## ACTIVITY:
I'd like the data below restated word for word, with the pictures left out.

## EXERCISE DATA:
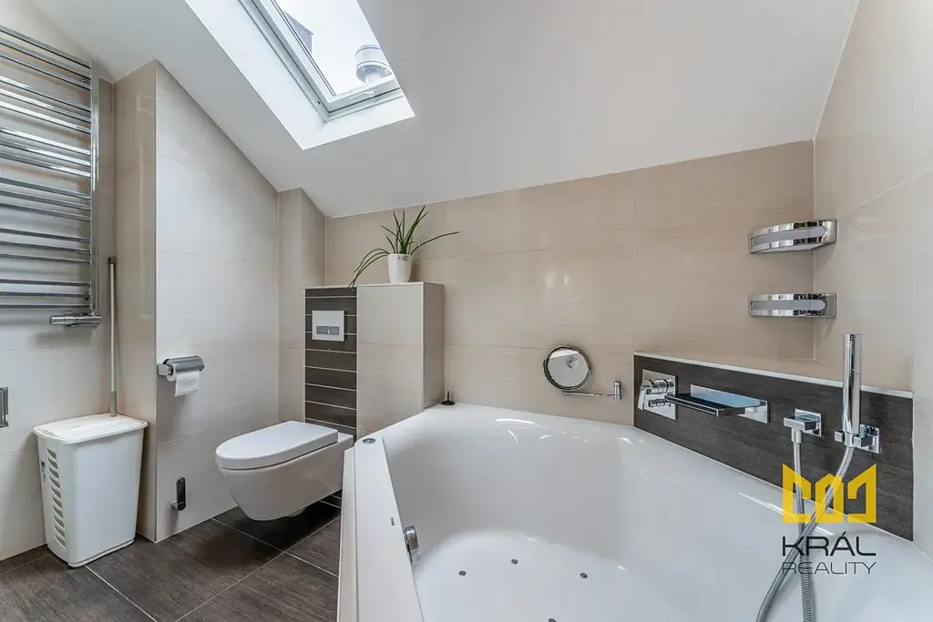 Kvalitní koupelna Villeroy Boch s masážní rohovou vanou, dvou-umyvadlem, keramickým závěsným WC, pračkou. Z koupelny je přístup na půdu.
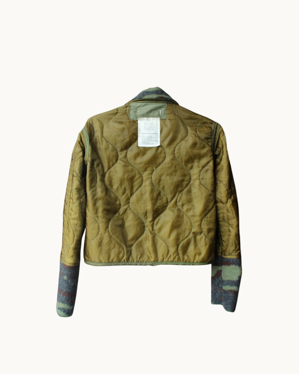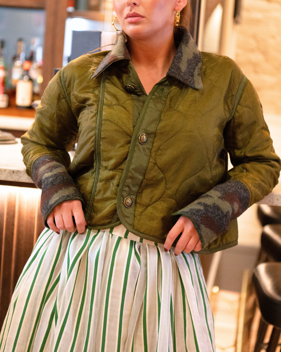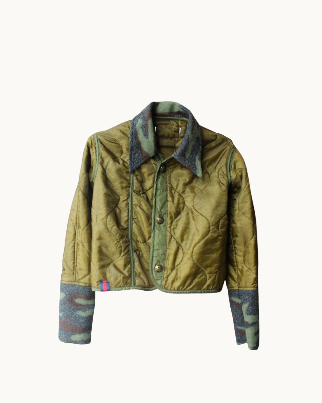 a seasonless staple, our go-to layer, everything you need, and more, in a one-of-a-kind silhouette. this style is made from a vintage military jacket and made better with a cropped hem, wool camo collar, camo sleaves, and brass buttons. your closet will thank you...
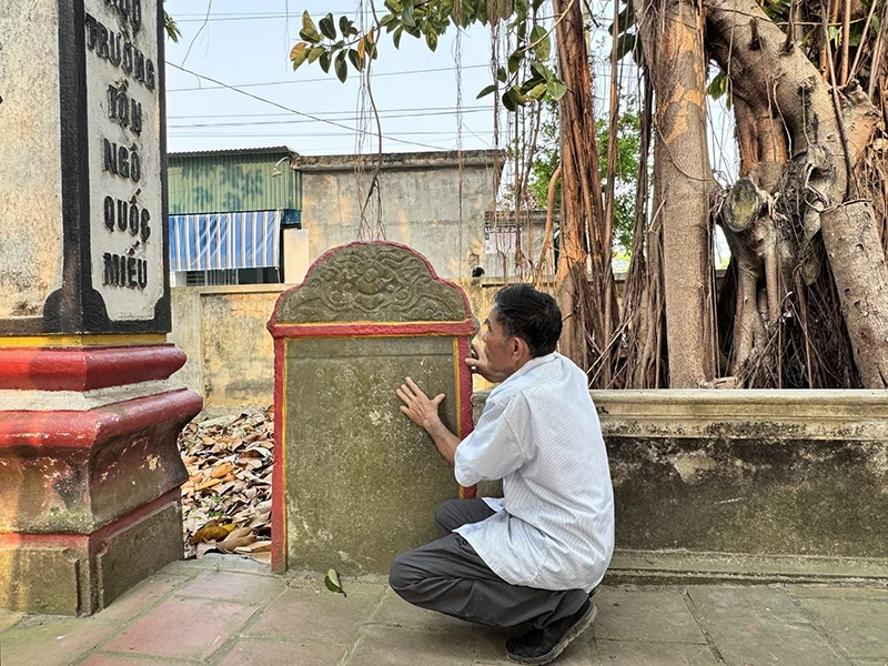 Do nhận thức sai lệch về các di sản văn hóa, tín ngưỡng, người dân “trang trí” màu mè trên di tích. (Ảnh chụp 1 trong 2 tấm bia tại nghè Ngọc Nhị).

## EXPECTED ANSWER:
 Kvalitní koupelna Villeroy Boch s masážní rohovou vanou, dvou-umyvadlem, keramickým závěsným WC, pračkou. Z koupelny je přístup na půdu.
 a seasonless staple, our go-to layer, everything you need, and more, in a one-of-a-kind silhouette. this style is made from a vintage military jacket and made better with a cropped hem, wool camo collar, camo sleaves, and brass buttons. your closet will thank you...
 Do nhận thức sai lệch về các di sản văn hóa, tín ngưỡng, người dân “trang trí” màu mè trên di tích. (Ảnh chụp 1 trong 2 tấm bia tại nghè Ngọc Nhị).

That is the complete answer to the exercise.